(Saved entries)
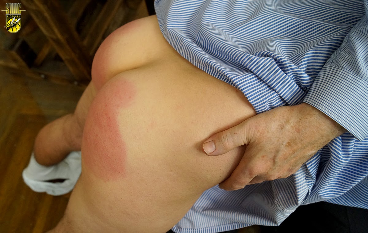 After this humiliating long series of stinging slaps the prison strap and rattan cane will burn their message across the lad’s already scorched backside too.
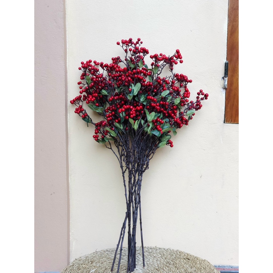 Nhà cửa & Đời sống > Trang trí nhà cửa > Hoa trang trí || [ VIDEO THẬT] Hoa lụa cao cấp Hoa giả cành Cherry anh đào đỏ trang trí nhà cửaCòn hàng
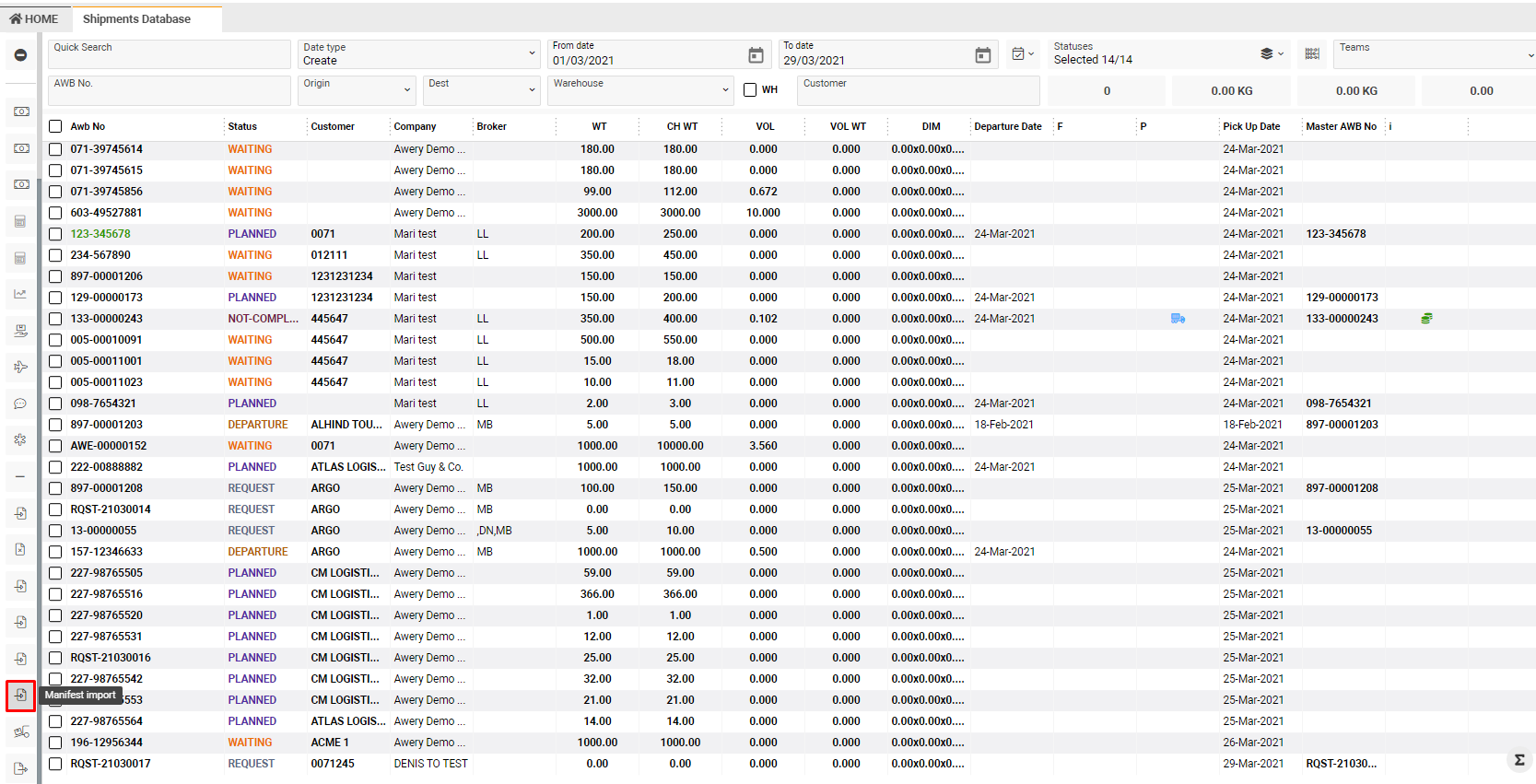 Then, the system will create all AWBs from the manifest and assign them to the flight.
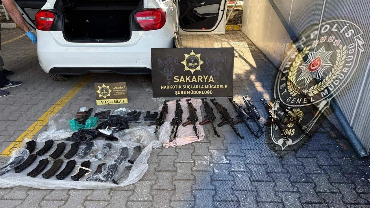 Araçta yapılan aramada, 9 kaleşnikof piyade tüfeği, 5 ruhsatsız tabanca ve bunlara ait 25 şarjör ile 77 fişek ele geçirildi.
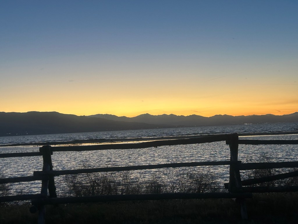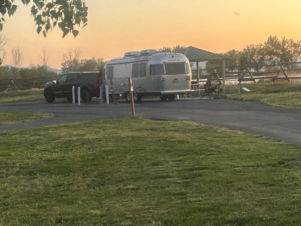 The day started full of ambition, with visions of a long but smooth drive from beautiful Utah Lake State Park to Laramie, Wyoming. We’d hitched the trailer last night, ready for an early start, which we got. Peter was up before dawn, doing the final preparations to leave and I followed suit. Just as the sun was rising we were off and decided to go to the public sewer spot before leaving just to have a clean start after the showers and dishes we’d done over the past two days, confident in our newly repaired system (at great expense, but I’ll leave that for another day).
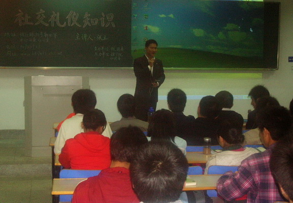 为了培养老员工的基本素养,帮助老员工与他人建立良好的人际关系,促进老员工的身心健康,由校团委主办,理学院分团委承办“社交礼仪知识”讲座于2008年3月27日在浦江学院教学楼A202举办。本次讲座的主讲人是毕业于南京大学的张立老师,他是南京斯坦福教育中心首席顾问,张老师为我们对最新动态礼仪知识做详细介绍,给了同学们很大的帮助。
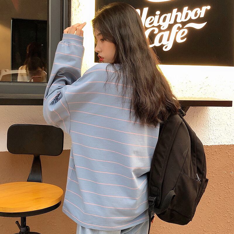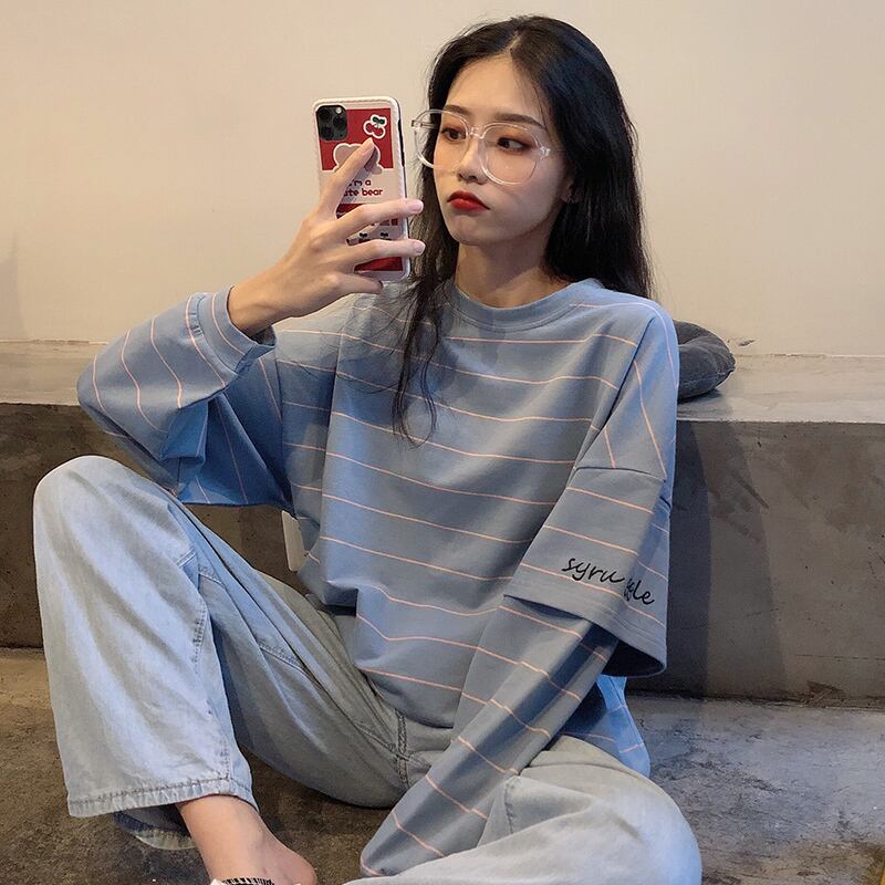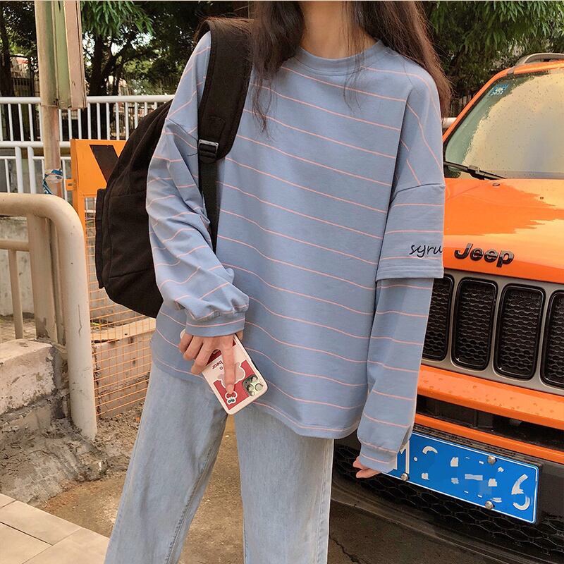 ストライプラウンドネックセーター サマーカジュアルルーズ薄手トップス 夏物 Oネック YY-ファッション63287780123

→ EXERCISE DETAILS:
Of the records above, print only the lines from the one containing "Then, the system" through the one containing "Araçta yapılan aramada, 9", inclusive and unaltered, leaving out pictures.

→ EXERCISE SOLUTION:
 Then, the system will create all AWBs from the manifest and assign them to the flight.
 Araçta yapılan aramada, 9 kaleşnikof piyade tüfeği, 5 ruhsatsız tabanca ve bunlara ait 25 şarjör ile 77 fişek ele geçirildi.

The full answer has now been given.